The final stage of nuclear division is telophase, where the separated chromosomes arrive at the opposite poles of the elongated cell. Here, the chromosomes begin to decondense and return to their less compact form. A new nuclear envelope re-forms around each set of chromosomes, creating two distinct nuclei within the single cell as the mitotic spindle is disassembled.
Completing the cell division process is cytokinesis, the physical division of the cytoplasm. This process begins during late anaphase or telophase but concludes after mitosis is complete. In animal cells, a contractile ring pinches the cell membrane inward, forming a cleavage furrow that deepens until the cell splits. In plant cells, a rigid cell wall prevents this, so a structure called a cell plate forms down the middle to create a new separating wall.
Regulation and Control
The cell cycle is not an automatic process; it is carefully governed by a complex internal control system. This system relies on checkpoints that act as internal surveillance mechanisms, ensuring each phase is properly completed before the next one begins. There are three major checkpoints: in the G1 phase, at the G2/M transition, and during metaphase. These checkpoints monitor for issues like DNA damage and can halt the cycle to allow for repairs.
Progression through these checkpoints is driven by specific proteins. Two key groups of these regulatory molecules are cyclins and cyclin-dependent kinases (CDKs). CDKs are enzymes that, when activated, trigger the events of each phase. However, CDKs are inactive on their own and require a partner protein, a cyclin, to function.
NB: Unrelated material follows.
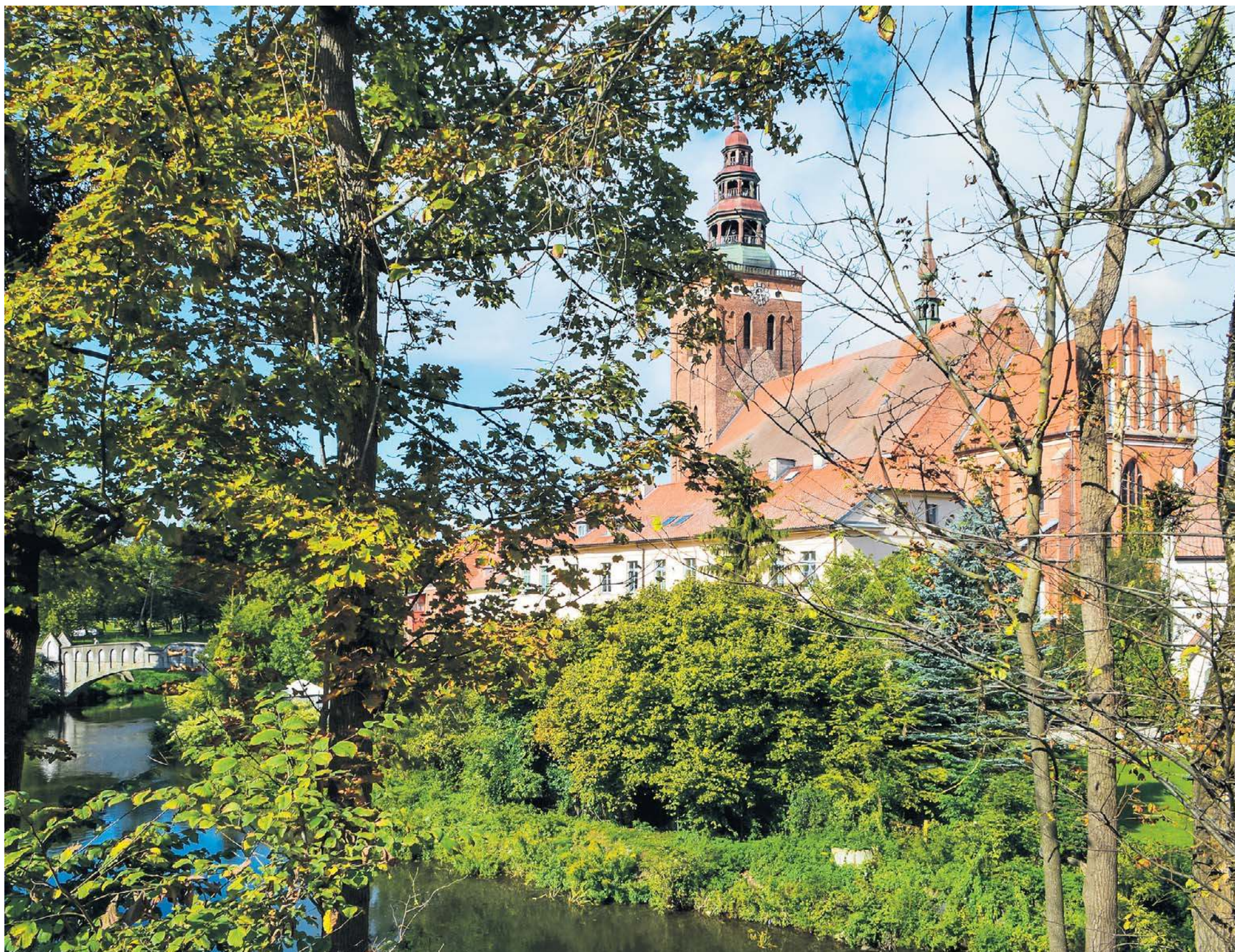
Lidzbark Warmiński to jedno z najmłodszych uzdrowisk w Polsce – zobacz jego zamek, starówkę i nowoczesne atrakcje

The concentrations of different cyclins rise and fall in a predictable pattern throughout the cell cycle. For example, M cyclin levels build up during G2 and peak in mitosis, driving events like nuclear envelope breakdown. When a specific cyclin binds to its corresponding CDK, the resulting complex pushes the cell past a checkpoint. Once the cell moves to the next stage, the cyclins from the previous stage are degraded, ensuring the cycle proceeds in one direction.
Consequences of Errors
The precise regulation of mitosis is important for maintaining genomic stability. When control mechanisms and checkpoints fail, errors in chromosome segregation can occur. This leads to the production of daughter cells with an incorrect number of chromosomes, a condition known as aneuploidy. Most aneuploidies during embryonic development are lethal, but those later in life are linked to diseases.
The most significant consequence of uncontrolled cell division is cancer. Cancer is a disease characterized by the failure of cell cycle regulation, where cells divide without restraint. Errors during mitosis are a major source of the numerical and structural chromosome alterations seen in tumor cells. Mutations in genes that control the cell cycle can allow cells with DNA damage to bypass checkpoints and continue to proliferate, leading to tumor formation.
Beyond cancer, the missegregation of chromosomes can directly cause DNA damage, promoting further genomic instability. This ongoing instability can allow cells to evolve and adapt, which may contribute to tumor progression and resistance to therapy. The presence of aneuploid cells is a hallmark of nearly 70% of solid human tumors, highlighting the profound impact of mitotic errors on human health.